§ **REQUIREMENT**
From the records below, output exactly the lines running from the line containing "Bantal Leher Karakter" through the line containing "疣胸琉璃蟻造成果樹危害狀況 左j柿子 右j白柚", and no others.

====== MATERIAL SUPPLIED

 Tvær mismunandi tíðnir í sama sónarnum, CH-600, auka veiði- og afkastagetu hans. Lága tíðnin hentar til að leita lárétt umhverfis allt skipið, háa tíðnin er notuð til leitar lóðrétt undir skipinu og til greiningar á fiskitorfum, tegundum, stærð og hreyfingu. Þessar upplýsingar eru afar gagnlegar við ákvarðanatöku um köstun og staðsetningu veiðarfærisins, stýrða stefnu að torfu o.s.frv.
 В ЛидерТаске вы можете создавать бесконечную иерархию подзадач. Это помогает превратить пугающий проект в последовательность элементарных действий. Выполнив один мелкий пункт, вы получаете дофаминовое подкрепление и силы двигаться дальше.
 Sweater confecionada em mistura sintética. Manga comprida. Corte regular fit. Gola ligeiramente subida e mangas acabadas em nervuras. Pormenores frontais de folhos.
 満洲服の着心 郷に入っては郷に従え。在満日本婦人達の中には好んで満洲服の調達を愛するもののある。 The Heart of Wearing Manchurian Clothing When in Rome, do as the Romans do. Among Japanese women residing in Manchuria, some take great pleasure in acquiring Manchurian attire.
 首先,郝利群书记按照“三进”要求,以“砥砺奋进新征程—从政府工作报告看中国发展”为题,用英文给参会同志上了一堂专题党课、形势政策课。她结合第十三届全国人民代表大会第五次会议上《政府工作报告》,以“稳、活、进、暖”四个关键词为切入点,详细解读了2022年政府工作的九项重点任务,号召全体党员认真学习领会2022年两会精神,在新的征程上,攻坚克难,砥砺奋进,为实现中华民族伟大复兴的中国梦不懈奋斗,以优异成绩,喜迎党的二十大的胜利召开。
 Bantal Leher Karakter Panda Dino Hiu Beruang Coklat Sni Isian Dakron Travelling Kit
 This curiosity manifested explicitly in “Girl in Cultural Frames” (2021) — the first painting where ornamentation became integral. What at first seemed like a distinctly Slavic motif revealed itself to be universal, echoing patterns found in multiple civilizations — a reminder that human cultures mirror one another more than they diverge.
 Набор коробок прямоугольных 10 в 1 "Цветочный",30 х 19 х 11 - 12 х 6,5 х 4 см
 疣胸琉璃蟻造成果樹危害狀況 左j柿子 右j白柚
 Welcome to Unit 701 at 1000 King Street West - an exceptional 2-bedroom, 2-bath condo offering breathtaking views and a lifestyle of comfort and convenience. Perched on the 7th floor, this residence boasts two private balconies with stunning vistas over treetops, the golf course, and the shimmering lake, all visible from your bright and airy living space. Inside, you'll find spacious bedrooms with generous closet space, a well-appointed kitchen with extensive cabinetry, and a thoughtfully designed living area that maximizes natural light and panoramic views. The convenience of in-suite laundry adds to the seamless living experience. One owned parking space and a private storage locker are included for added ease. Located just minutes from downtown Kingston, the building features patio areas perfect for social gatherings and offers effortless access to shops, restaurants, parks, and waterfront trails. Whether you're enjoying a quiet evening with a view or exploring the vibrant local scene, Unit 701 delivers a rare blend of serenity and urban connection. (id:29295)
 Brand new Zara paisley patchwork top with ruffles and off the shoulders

============

§ **REPLY**
 Bantal Leher Karakter Panda Dino Hiu Beruang Coklat Sni Isian Dakron Travelling Kit
 This curiosity manifested explicitly in “Girl in Cultural Frames” (2021) — the first painting where ornamentation became integral. What at first seemed like a distinctly Slavic motif revealed itself to be universal, echoing patterns found in multiple civilizations — a reminder that human cultures mirror one another more than they diverge.
 Набор коробок прямоугольных 10 в 1 "Цветочный",30 х 19 х 11 - 12 х 6,5 х 4 см
 疣胸琉璃蟻造成果樹危害狀況 左j柿子 右j白柚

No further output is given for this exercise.